I have been researching across forums but have not seen my exact issue described and am looking for some help. I have a Rancilio Silvia v6 and the heating element light will not come on at all. I am trying to see if the issue is with the brew thermostat and the steam thermostat or just the steam thermostat. I checked ohms and continuity of the heating element, brew and steam thermostat and only the steam thermostat does not get a reading. So I have determined that it must be a bad steam thermostat.

Is it possible for the steam thermostat to prevent the heating element light (BOL) turning on even in brew mode?

All switches light properly when flipped to the on position but the orange heating light refuses to come on in any mode.

Thanks in advance for the help!


----------



## Doram (Oct 12, 2012)

EZPZ said:


> I have been researching across forums but have not seen my exact issue described and am looking for some help. I have a Rancilio Silvia v6 and the heating element light will not come on at all. I am trying to see if the issue is with the brew thermostat and the steam thermostat or just the steam thermostat. I checked ohms and continuity of the heating element, brew and steam thermostat and only the steam thermostat does not get a reading. So I have determined that it must be a bad steam thermostat.
> 
> Is it possible for the steam thermostat to prevent the heating element light (BOL) turning on even in brew mode?
> 
> ...


 Not sure if this is relevant, but have you checked the safety red button inside the machine? This should pop out if the boiler overheats to protect the elements from burning out (for example if the boiler dries out), so would stop the machine from heating.

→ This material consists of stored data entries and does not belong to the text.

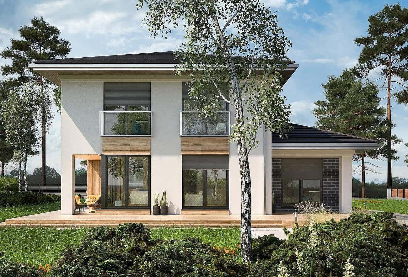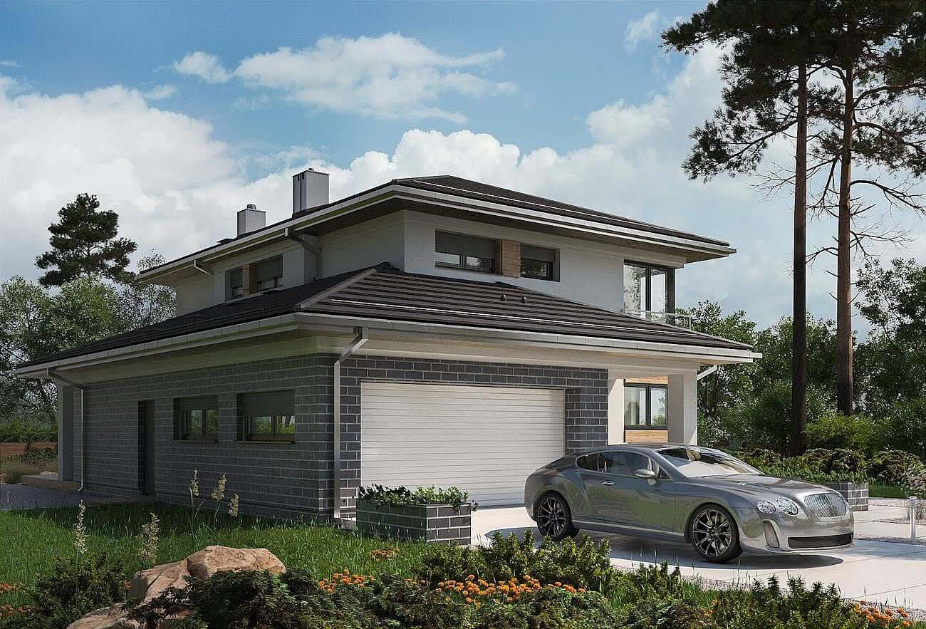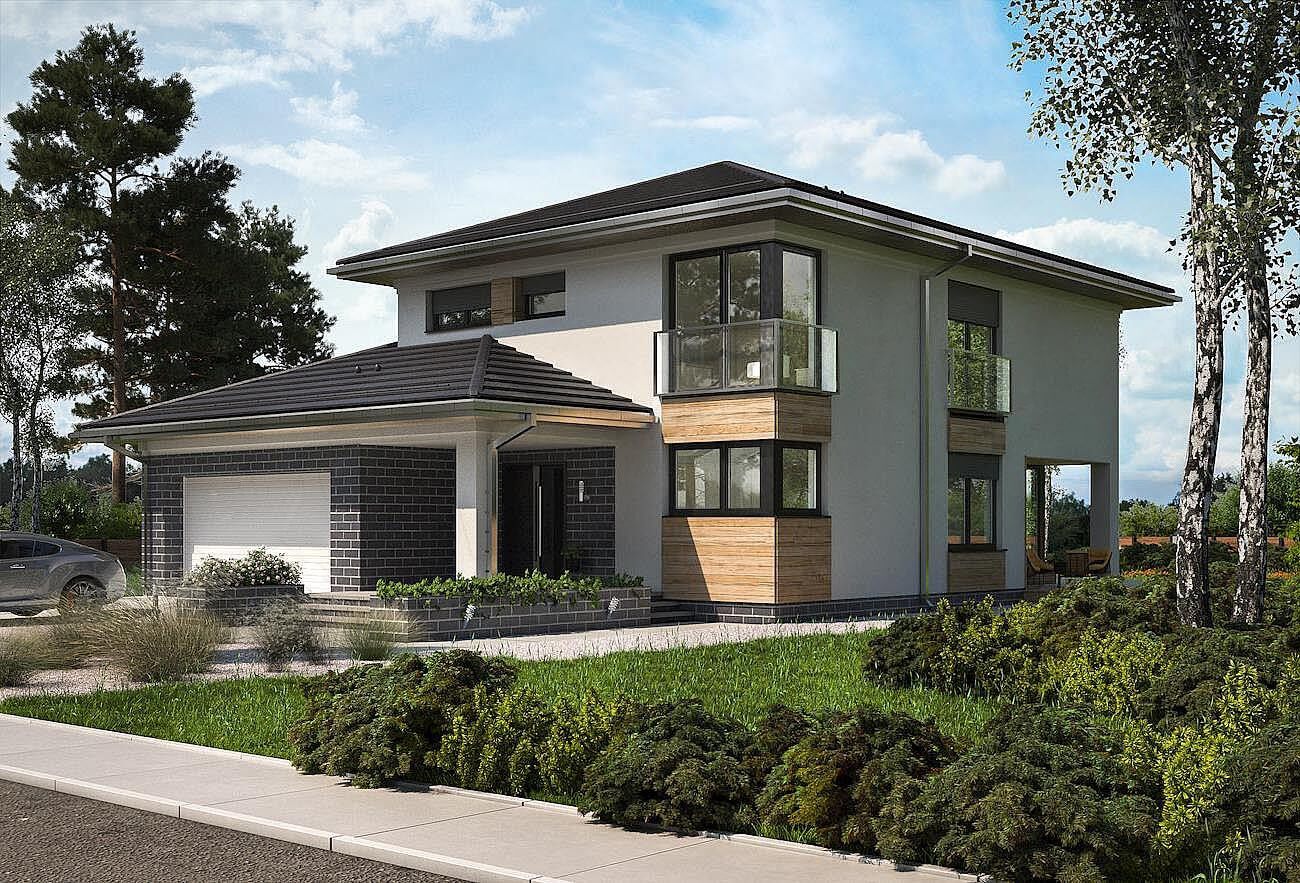Дизайн дома "Оклахома", уникальный в предложении Рам Вилла, является двухэтажным зданием, с гаражом, и имеет современный, городской характер. Он предлагает большую, удобную квартиру с не очень крутыми шатровыми крышами над планом, построенным из перекрывающихся прямоугольников. Из него выходит прямоугольное двухэтажное здание, окруженное с одной стороны более низким зданием, выступающим вперед. Здесь находится гараж, котельная, а сзади - кабинет у гостиной. Кроме того, часть его крыши, поддерживаемая на шесте, покрыта входной террасой. За глубокой аркадой в алькове, холлом с выходом в гараж, а за холлом - просторная гостиная. Небольшой кабинет примыкает к саду, столовой и кухне с кладовой с фасада. Частично открытая лестница с кладовой ведет наверх в четыре комнаты. Существует также прачечная и набор из двух ванных комнат, одна из которых относится только к главной спальне. Большое остекление балкона, заключенное в вертикальные полосы на фасадах, угловые окна в дизайне дома «Оклахома» и садовые подрезанные террасы смягчают строгость блока. Общие габариты объекта чуть белее - 12 х 15 м.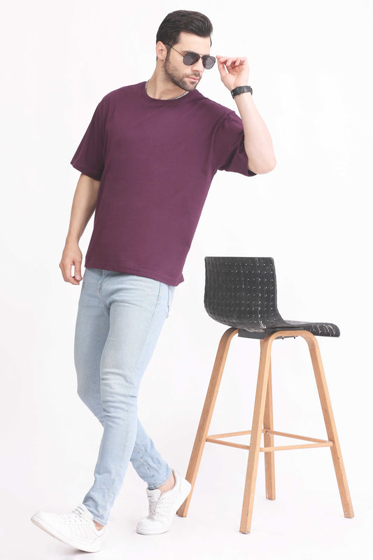 Mens T Shirt Oversized Round Neck - Purple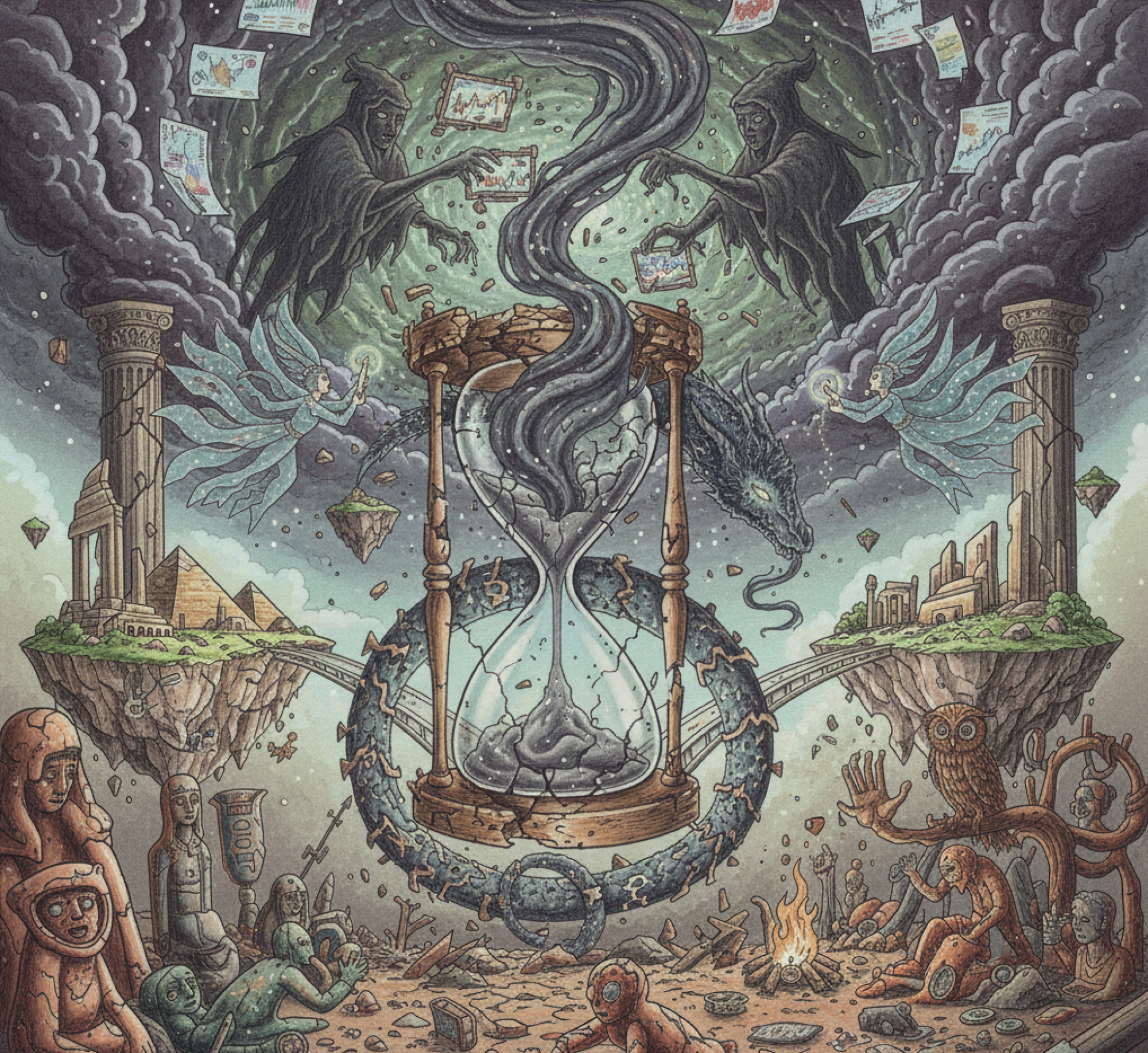 Davant el poc profit que n'hem tret de les seves meritòries vides, els déus han desaparegut. La pedra, el fang, l'ivori, la pintura, el bronze, la fusta, el plàstic de les botigues de souvenirs... són muts i lluny de cap ànima. Ja no tenen ni la categoria de la còpia de còpia que menyspreava Plató. Ja no ens calen Sants. Prescindim dels herois i ara, idolatrem els lladres en el desert de confusió on ningú ja no ens promet cap terra. Ja no forgem els dies amb la suor, sinó amb una estranya barreja de patiment i por. Una massa inconsistent i deforme amb la que no es pot modelar res més que l'anar fent. I això no té cap forma. La tendència és ser relatiu. Improvisar [com el mussol a la fosca des del seu cau], perquè les previsions també han fet fallida. Els oracles treuen fum d'esgotament. I els mercaders especulen cobdiciosos amb la por que premeditadament ens administren. La nova religió és aquesta: la por frívolament encoberta. No omplim els temples però celebrem el culte en les nostres llars en un onanisme de formigó i acer. Ja fa temps que hem sotmès a les bèsties, que hem après a deformar la natura, i ara, a nosaltres. Ens hem desfigurat malgrat les reparadores promeses del Botox, del Diazepan i la Viagra. Els deus i els dimonis però, també ens feien por, només que ara ja hem après a ignorar-los. Ja som més poderosos que ells. Som els fills deformes dels déus oblidats. Som una còpia animada. Còpia de còpia de la pedra, de fang, d'ivori, de pintura, de bronze, de fusta i del plàstic de les botigues de souvenirs que mai no compra ningú. Ni els mateixos Déus, perquè no volen recordar allò en què havien cregut. (J.B.)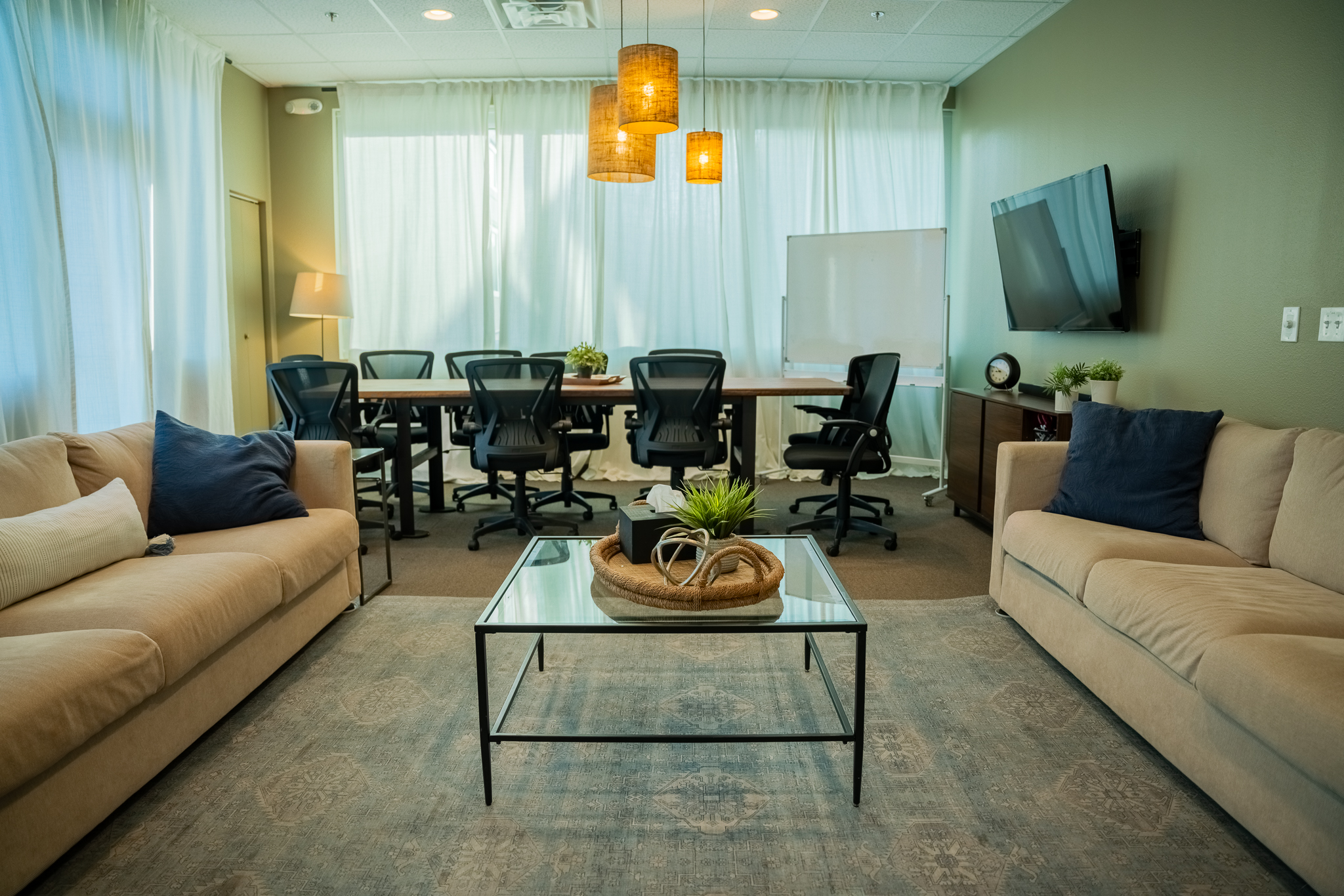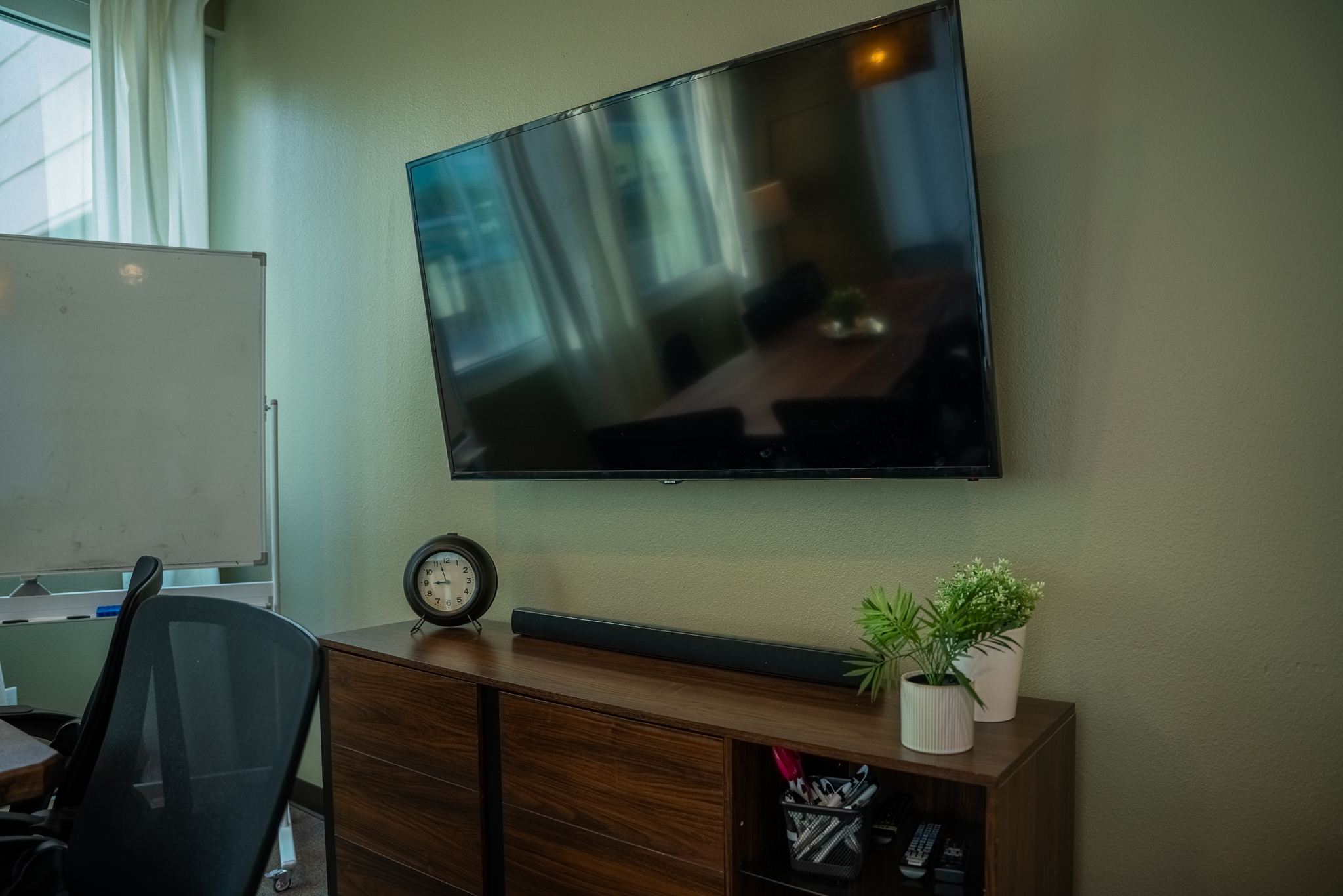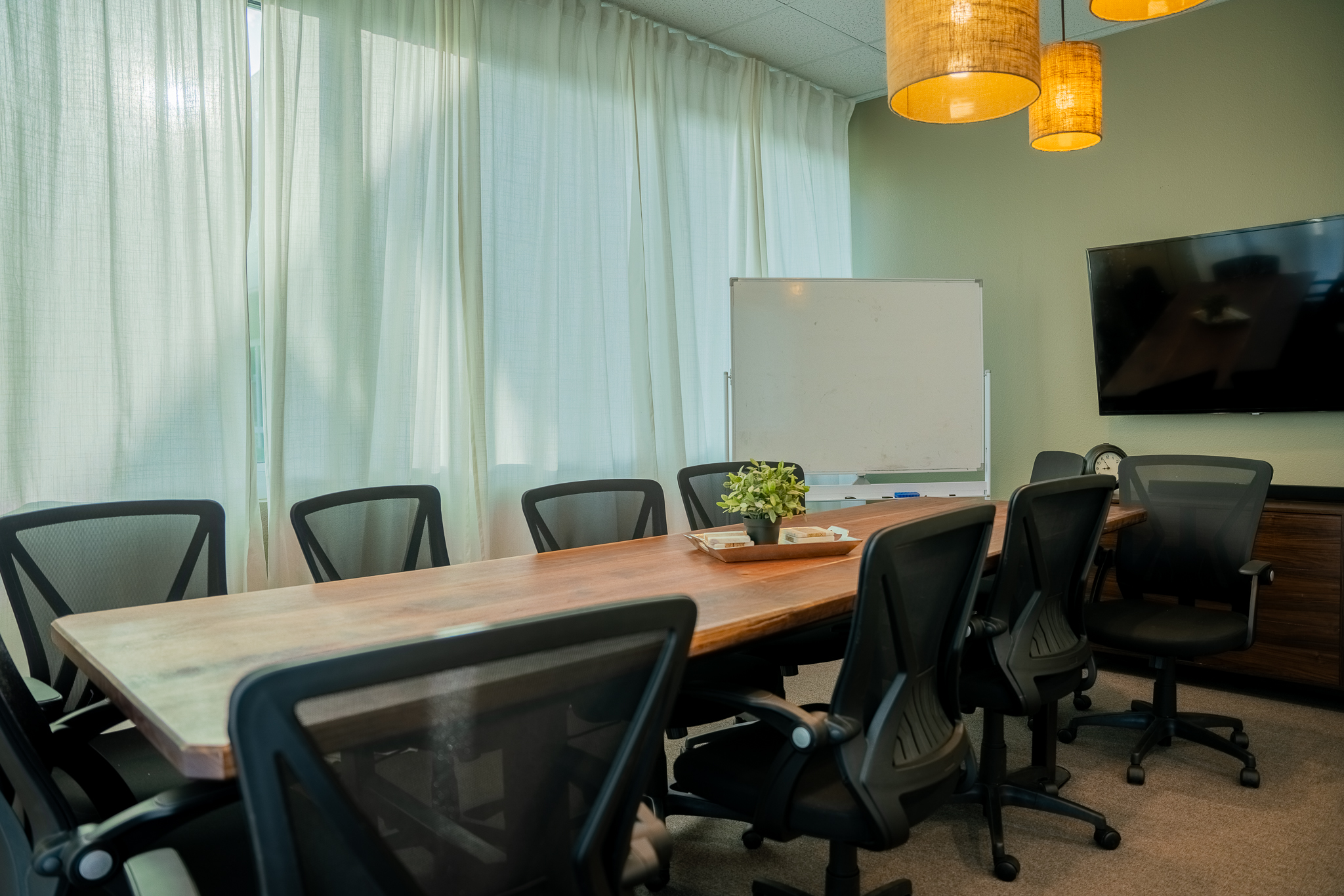The board meeting room is a great space for companies or groups looking for a small space to hold a meeting. This room has a table that seats 8, and two couches. The TV in this room has Apple TV connections.

If you are in luck and this is what has happened, all you need to do is pop the top cover off and press that button. Here is a video showing what you need to do:


----------



## EZPZ (Oct 13, 2020)

@Doram sorry yes I meant to say that I did try that before and it did not need to be reset. The safety Thermostat did read properly with the meter as well.


----------



## EZPZ (Oct 13, 2020)

Update: I replaced the steam thermostat and everything is working properly again! Also not sure why I listed this as a v6, I have a v5.


----------